======== Supplied information

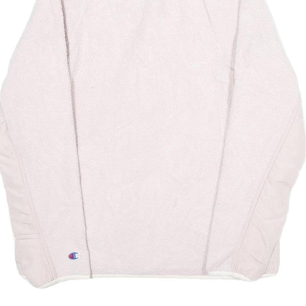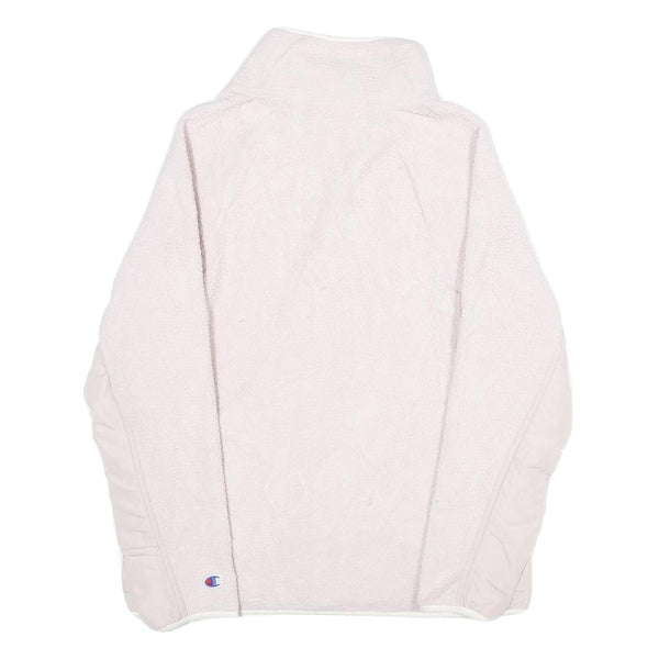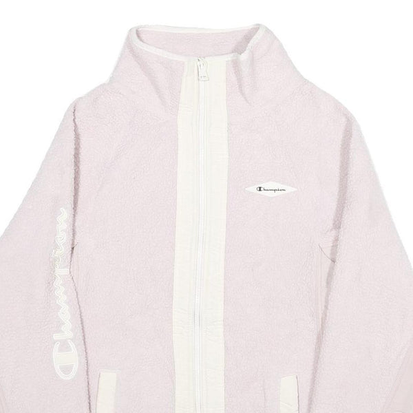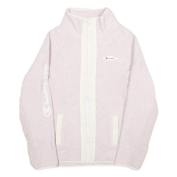 CHAMPION Womens Pink & White Logo Zip Fleece Jacket M Polyester Casual
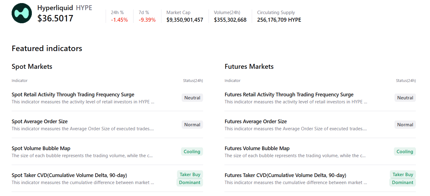 CryptoQuant 彙總數據顯示市場處於中性狀態,略偏看漲。Hyperliquid 的現貨和期貨市場顯示買方佔優且市場降溫,其他指標大多保持中性,暗示潛在的上漲走勢。
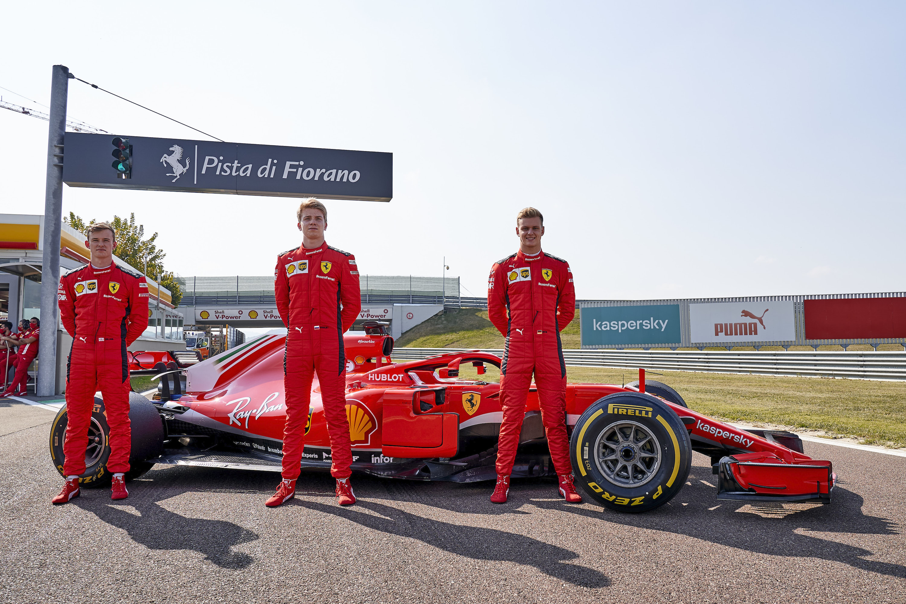 F1 フォト 【写真1】FP1出走が決まった3人のFDAドライバー 投稿日: 2020.10.02 18:11 アイロット(左)、シュワルツマン(中央)、シューマッハー(右) このフォトが使われている記事へ © Ferrari
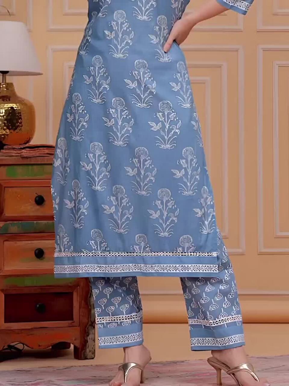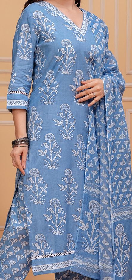 Blue printed Kurta with Trousers with dupatta
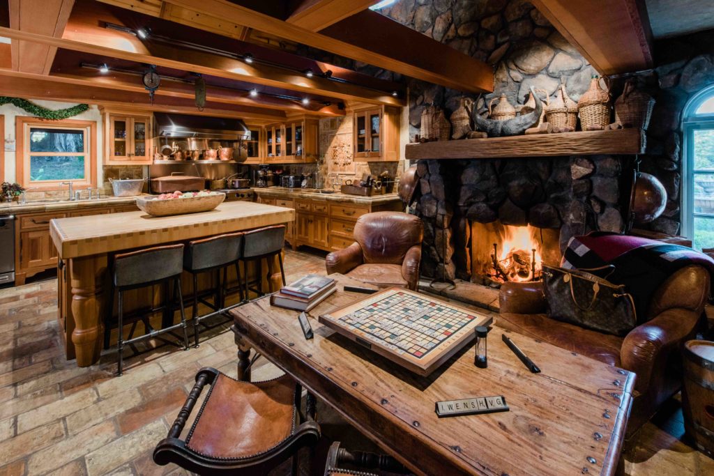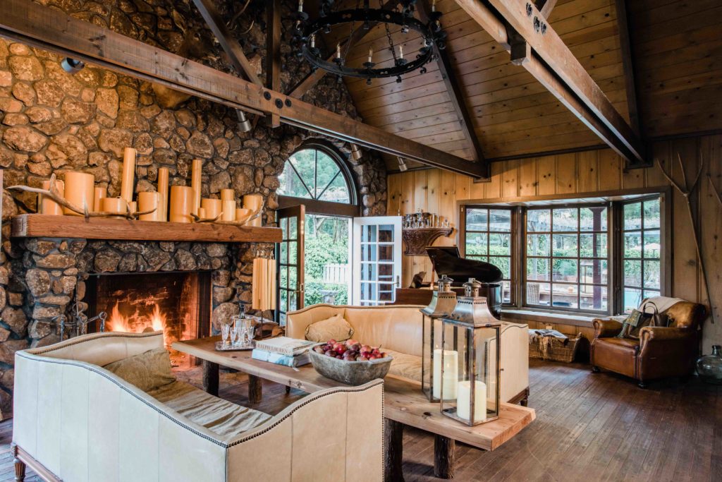 A massive two-story fieldstone fireplace anchors the great room, flanked by a pair of deep French-country couches bought secondhand. The mantelpiece is home to a collage of chunky beeswax candles Barbara bought 30 years ago from a small shop in Santa Rosa.

================

**Instructions for the task:**
Without the pictures, give every line above again exactly.

**Written response:**
 CHAMPION Womens Pink & White Logo Zip Fleece Jacket M Polyester Casual
 CryptoQuant 彙總數據顯示市場處於中性狀態,略偏看漲。Hyperliquid 的現貨和期貨市場顯示買方佔優且市場降溫,其他指標大多保持中性,暗示潛在的上漲走勢。
 F1 フォト 【写真1】FP1出走が決まった3人のFDAドライバー 投稿日: 2020.10.02 18:11 アイロット(左)、シュワルツマン(中央)、シューマッハー(右) このフォトが使われている記事へ © Ferrari
 Blue printed Kurta with Trousers with dupatta
 A massive two-story fieldstone fireplace anchors the great room, flanked by a pair of deep French-country couches bought secondhand. The mantelpiece is home to a collage of chunky beeswax candles Barbara bought 30 years ago from a small shop in Santa Rosa.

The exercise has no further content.